Stephen I. Vladeck, professor of law at American University, emphasized the importance of the decision coming from Judge Silberman.

“Judge Silberman has historically been recognized as one of the stronger conservative voices on the federal appellate bench. That even he finds the ACA constitutional—and believes the real issue here is about individual rights, not Congress’s power—makes the challengers’ odds that much longer with Supreme Court review looming,” said Vladeck.

But Randy Barnett, a professor of law at Georgetown University, who is representing challengers to the law in a separate suit,  said that Judge Silberman got it wrong.

“Judge Silberman’s  decision boils down to Congress having unlimited power to address what it deems to be a national problem. That destroys the federal system of limited federal power.”

The Supreme Court is scheduled to discuss the various challenges to the law behind closed doors on Thursday. It could decide as early as this week whether it will hear one or more of the cases this term.

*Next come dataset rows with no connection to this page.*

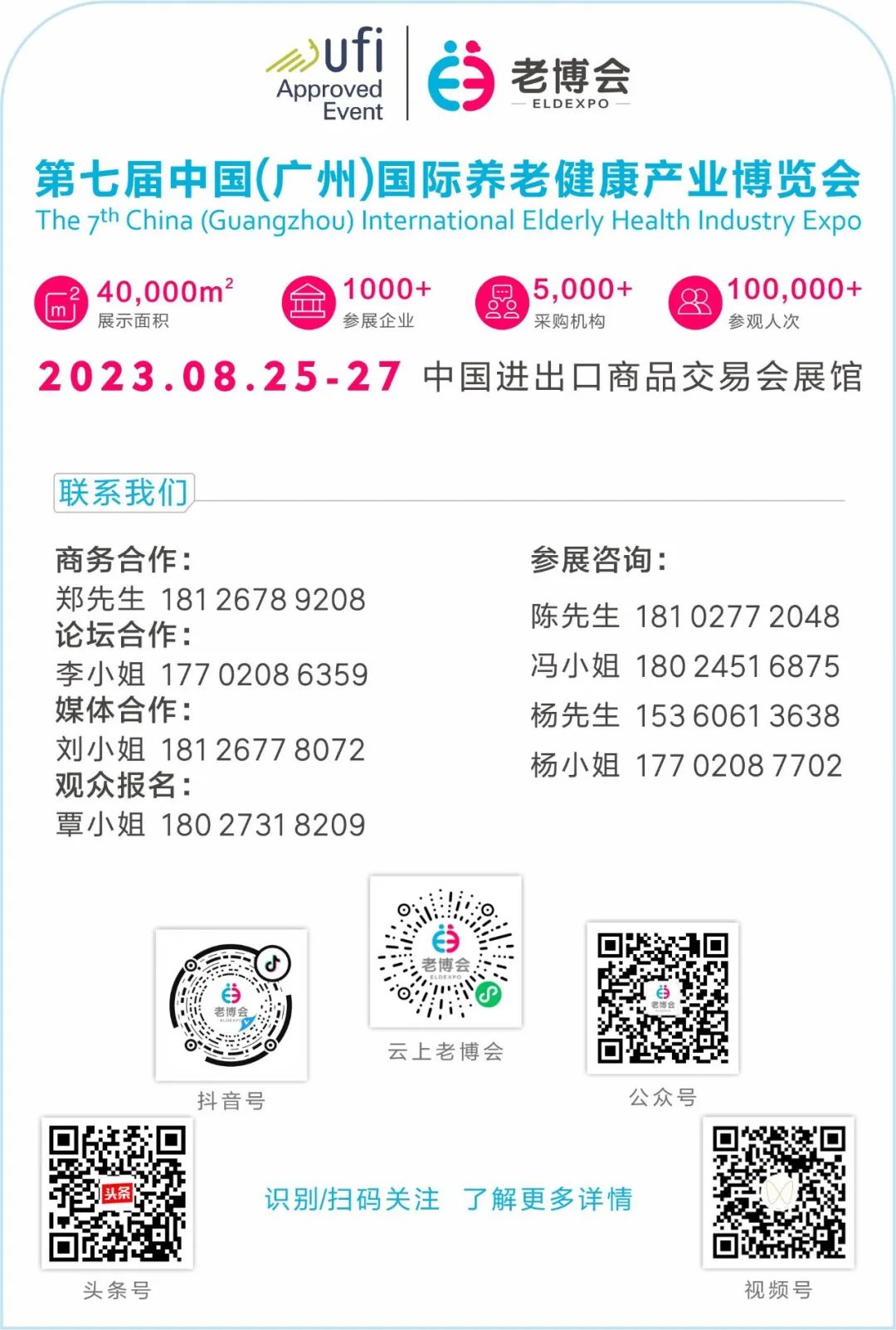 展会同期举办2023广州医疗与健康产业博览会(以下简称“医博会”),医博会由广州市卫生健康委员会指导,由老博会主办单位之一广东跨采展览有限公司主办,将发动数百家医疗机构参观与会,两展邻馆举办,优势贯通,共享数万精准专业买家资源,百余媒体宣传互动,为广大参展品牌展览展示、渠道建设、贸易对接提供最佳平台!广州老博会是一个连接社会大众、专业机构和供应商的大平台,是一个非常好的平台,我们希望广州老博会越办越好,共同把养老产业、康养产业推向一个新的高峰。广州老博会对我们的收获非常大,感谢主办方让我们有优质的平台,使我们的产品能够展示给我们的用户,希望老博会越办越好,下一届我们还会来参加广州老博会。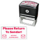 Dieses Design aus Gummi-Briefmarke beinhaltet die Botschaften "Bitte zurück zum Sender!" und "FALSCHE ADDRESSEE", zusammen mit einer Umschlagform. Es kann verwendet werden, um anzugeben, dass die empfangene Post an die falsche Adresse geliefert wurde, und sollte an den Absender zurückgeschickt werden.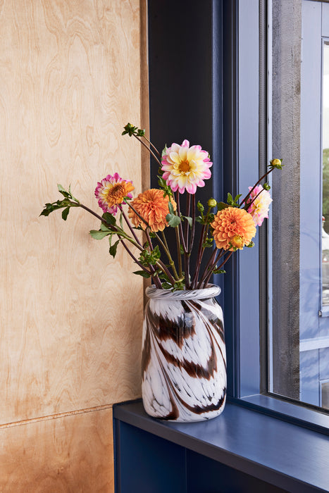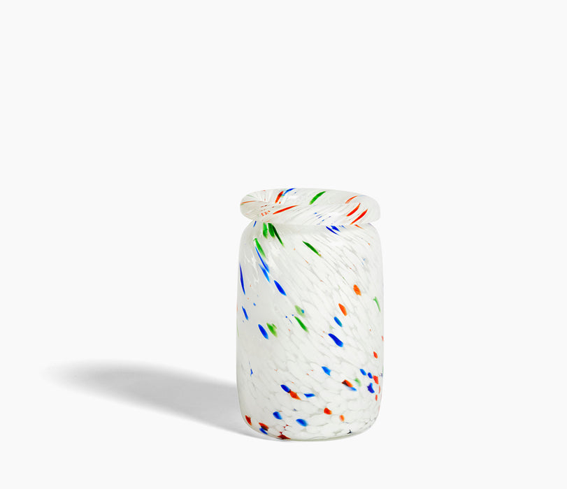 Feito à mão usando uma técnica especial de sopro de vidro que envolve várias camadas de pontos de vidro coloridos, o Splash Vase apresenta um padrão espiralado exclusivo. Disponíveis em diversos modelos e tamanhos, os vasos podem ser usados tanto para expor flores quanto como objetos decorativos.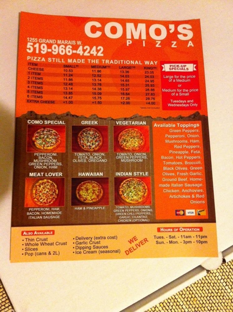 Welcome to Como's Pizza, a true hidden gem in Windsor, Ontario. Located at 1255 Grand Marais Rd W, Como's Pizza is well-known for its unbeatable selection of pizzas and side dishes. From the classic Garlic Breadsticks to crispy Onion Rings, every item is crafted with fresh ingredients and passion.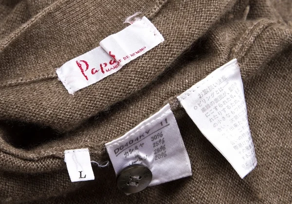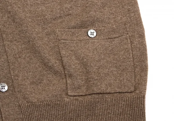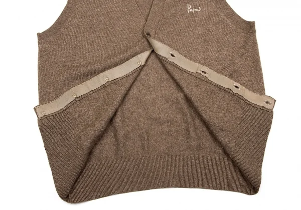 パパスPapas ワンポイント刺繍カシミヤ混カーディガンベスト 杢モカ茶L
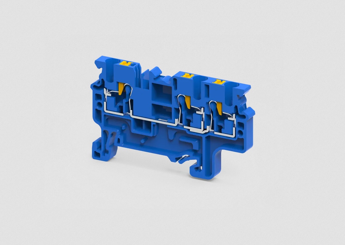 Клемма на дин-рейку, 2.5 кв.мм, 1 ур., 3 конт, Push-In, синяя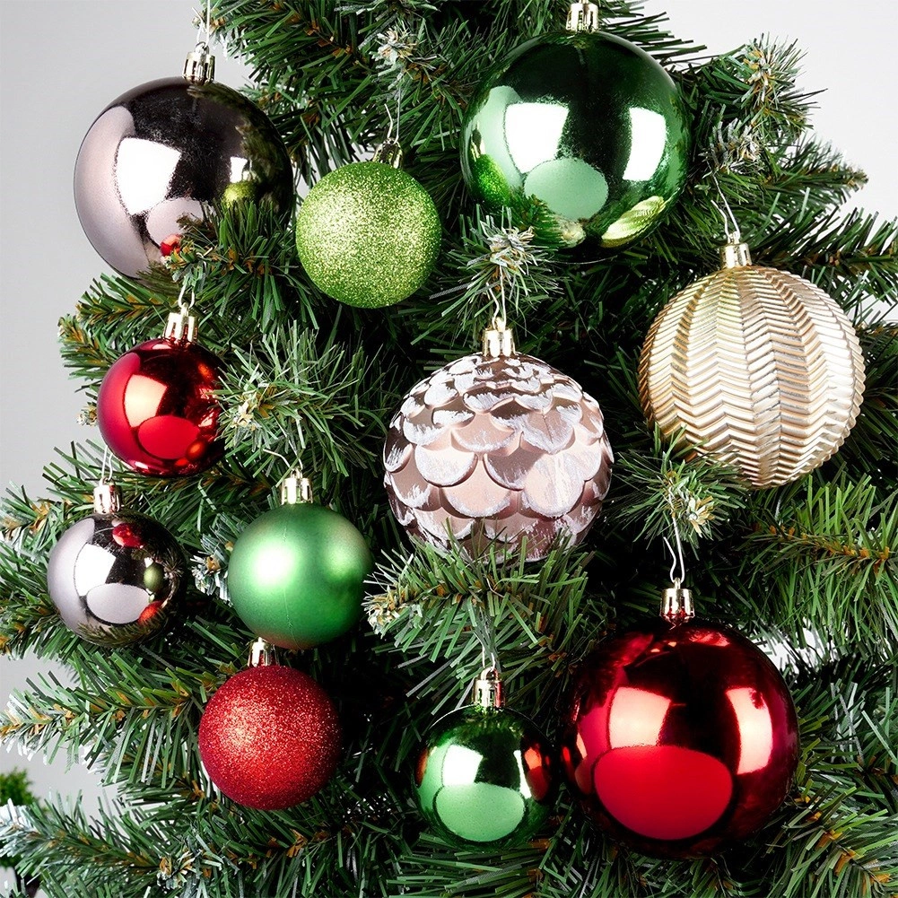La combinaison de boules de 8 cm et 5 cm, aux finitions brillantes, mates, pailletées et texturées, crée une décoration de Noël dynamique et élégante.

Although this case is not one of the challenges directly in front of the justices, those who support the law believe the justices will be influenced by today’s opinion.

“On the eve of the Supreme Court’s decision whether to review the constitutionality of health care reform legislation, the nation’s second most important court has dealt a devastating blow to the challengers of the Act, delivered by one of the country’s foremost conservative jurists, “said Elizabeth Wydra, chief counsel for the liberal Constitutional Accountability Center.